Simulator processes and testbenches are async Python functions that interact with the simulation using the only argument they receive: the context. Using a context, it is possible to sample or update signals and wait for events to occur in the simulation.

The context has two kinds of methods: async methods and non-async methods. Calling an async method may cause the caller to be preempted (be paused such that the simulation time can advance), while calling non-async methods never causes that.

Note

While a testbench or process is executing without calling async methods, no other testbench or process will run, with one exception: if a testbench calls set(), all processes that wait (directly or indirectly) for the updated signals to change will execute before the call returns.

get(expr)

Sample the value of an expression.

The behavior of this method depends on the type of expr:

This method is only available in testbenches.

Raises:

TypeError – If the caller is a process.

set(expr, value)

Update the value of an expression.

The behavior of this method depends on the type of expr:

This method is available in both processes and testbenches.

When used in a testbench, this method runs all processes that wait (directly or indirectly) for the signals in expr to change, and returns only after the change propagates through the simulated circuits.

critical()

Context manager that temporarily makes the caller critical.

Testbenches and processes may be background or critical, where critical ones prevent Simulator.run() from finishing. Processes are always created background, while testbenches are created critical by default, but may also be created background. This context manager makes the caller critical for the span of the with statement.

This may be useful in cases where an operation (for example, a bus transaction) takes multiple clock cycles to complete, and must be completed after starting, but the testbench or process performing it never finishes, always waiting for the next operation to arrive.
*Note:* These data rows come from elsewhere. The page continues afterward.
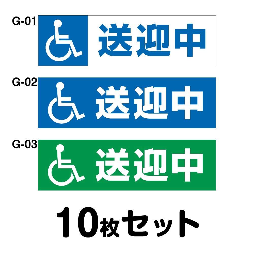 車椅子マーク 送迎中 10枚セット W350mm×H100mm G-01/G-02/G-03 身体障害者 車 国際シンボルマーク 交通安全 高齢者 車いす 介護 福祉 送迎車 四角 幅30cm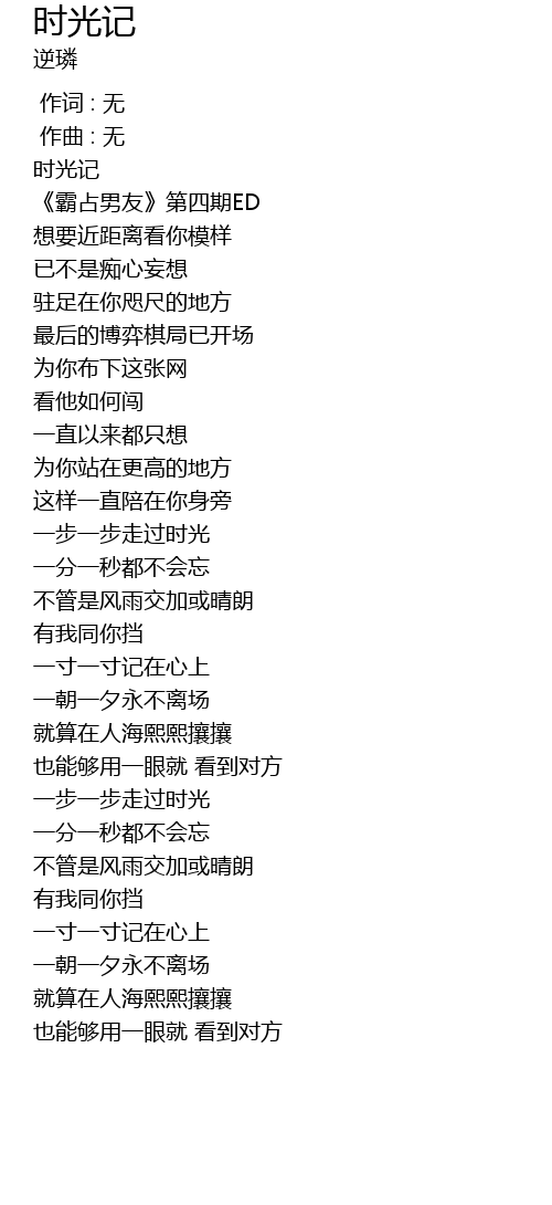 | [01:04.094] | yī fēn yī miǎo dōu bú huì wàng |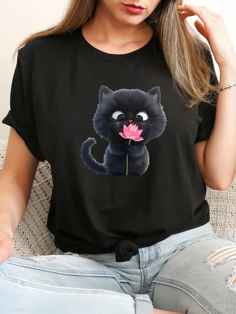 Women's Short Sleeve T Shirts Cute Playful Kitten Holding Pink Flower Black Tshirt, Womens Graphic Tees Vintage, Womens Tees

In this case, the caller would elevate itself to become critical only for the duration of the operation itself using this context manager, for example:

async def testbench_bus_transaction(ctx):
    # On every cycle, check whether the bus has an active transaction...
    async for clk_edge, rst_active, bus_active_value in ctx.tick().sample(bus.active):
        if bus_active_value: # ... if it does...
            with ctx.critical(): # ... make this testbench critical...
                addr_value = ctx.get(bus.r_addr)
                ctx.set(bus.r_data, ...) # ... perform the access...
                await ctx.tick()
                ctx.set(bus.done, 1)
                await ctx.tick()
                ctx.set(bus.done, 0) # ... and complete the transaction later.
            # The `run()` method could return at this point, but not before.
tick(domain='sync', *, context=None)

Wait until an active clock edge or an asynchronous reset occurs.

This method returns a TickTrigger object that, when awaited, pauses the execution of the calling process or testbench until the active edge of the clock, or the asynchronous reset (if applicable), occurs. The returned object may be used to repeatedly wait for one of these events until a condition is satisfied or a specific number of times. See the tick trigger reference for more details.

The domain may be either a ClockDomain or a str. If it is a str, a clock domain with this name is looked up in the elaboratable context, or in toplevel if context is not provided.

Raises:
  • ValueError – If domain is "comb".

  • ValueError – If domain is a ClockDomain and context is provided and not None.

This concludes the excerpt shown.